Накануне похорон отпечатанные в типографии афишки рассылали по почте, расклеивали на перекрестках, разбрасывали по Большой улице из шестуновских окон и раздавали прохожим и даже на площади под качелями в толпе гуляющего народа — это делал сам Петрашевский, и притом с комментариями. И еще расклеивали на столбах писанные от руки: «Шайка разбойников принимает заказы на убийства», а дальше перечислены поименно Беклемишев и приятели беклемишевские — все тринадцать, все любимчики Муравьева.
За два века не видала столица Восточной Сибири такого многолюдства, как в назначенный день похорон. Потому никто не мог в точности определить, какую часть населения составляла эта масса народу. Называли и десять тысяч (так, во всяком случае, с курьером донесли Муравьеву), и восемь, и две; и слово «убийство» было в толпе у каждого на устах. Годами накопленное недовольство, глухой ропот против заправлявшей Сибирью клики вдруг обнаружили себя, прорвались, и едва ли кому приходило в голову усомниться, что смерть чиновника послужила всего лишь толчком. Когда на кладбище, над открытой могилой, в виду всех городских чинов, Петрашевский сказал речь об изменническом убийстве, он, конечно, метил не только в виновника смерти, и это было многим понятно. И когда на другой неделе «Губернские ведомости» поместили статью Федора Львова, где порицались дуэли как недопустимый в цивилизованном обществе обычай («Неужели аргументом нам непременно должен быть кулак или пуля?»), а вместе с тем говорилось, после упоминания недавних событий, что и нравственность, и законность отграничивают этот предрассудок чести от преступных убийств и поэтому всегда требуется строгое и беспристрастное исследование причин, — иркутский читатель без труда догадывался, что разумеет между строк автор.

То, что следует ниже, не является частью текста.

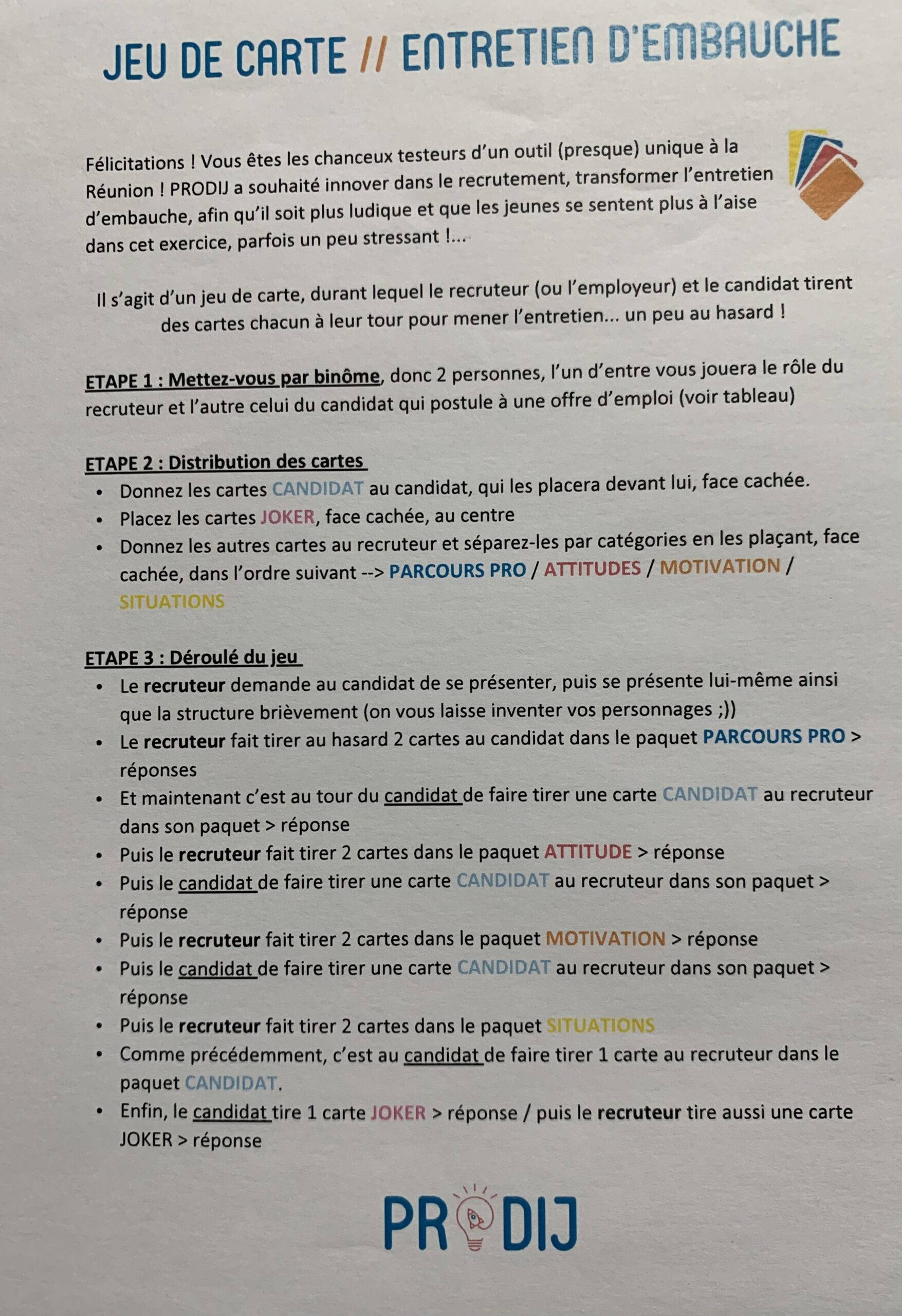 👉 Un Vis ma vie composé de cartes de questionnements thématiques Attitude-Motivation—Situation permet aux élèves de se mettre tantôt dans la peau de l’employeur tantôt dans la peau d’un candidat tél un « Vis Ma Vie » lors d’une simulation d’entretien de recrutement

По утрам полицейские солдаты смывали и стирали с заборов надписи против начальства, а вечером они появлялись снова. Свежая могила Неклюдова утопала в цветах, хотя у покойного не было в Иркутске ни родных, ни друзей; в церквах поминали убиенного раба божия, а гимназисты кричали при встрече Беклемишеву в лицо: «Убийца идет! Убийца идет!» На гимназистов можно было лишь жаловаться Карлуше, а вот когда под окном у клеврета поднял шум подвыпивший солдатик и Беклемишев велел его отправить в полицию, а тот спьяну и брякни, что его вести не за что, он никого, как другие, не убил, — так уж на нем клеврет отыгрался: прогнали бедолагу сквозь строй и закатали в каторжную работу…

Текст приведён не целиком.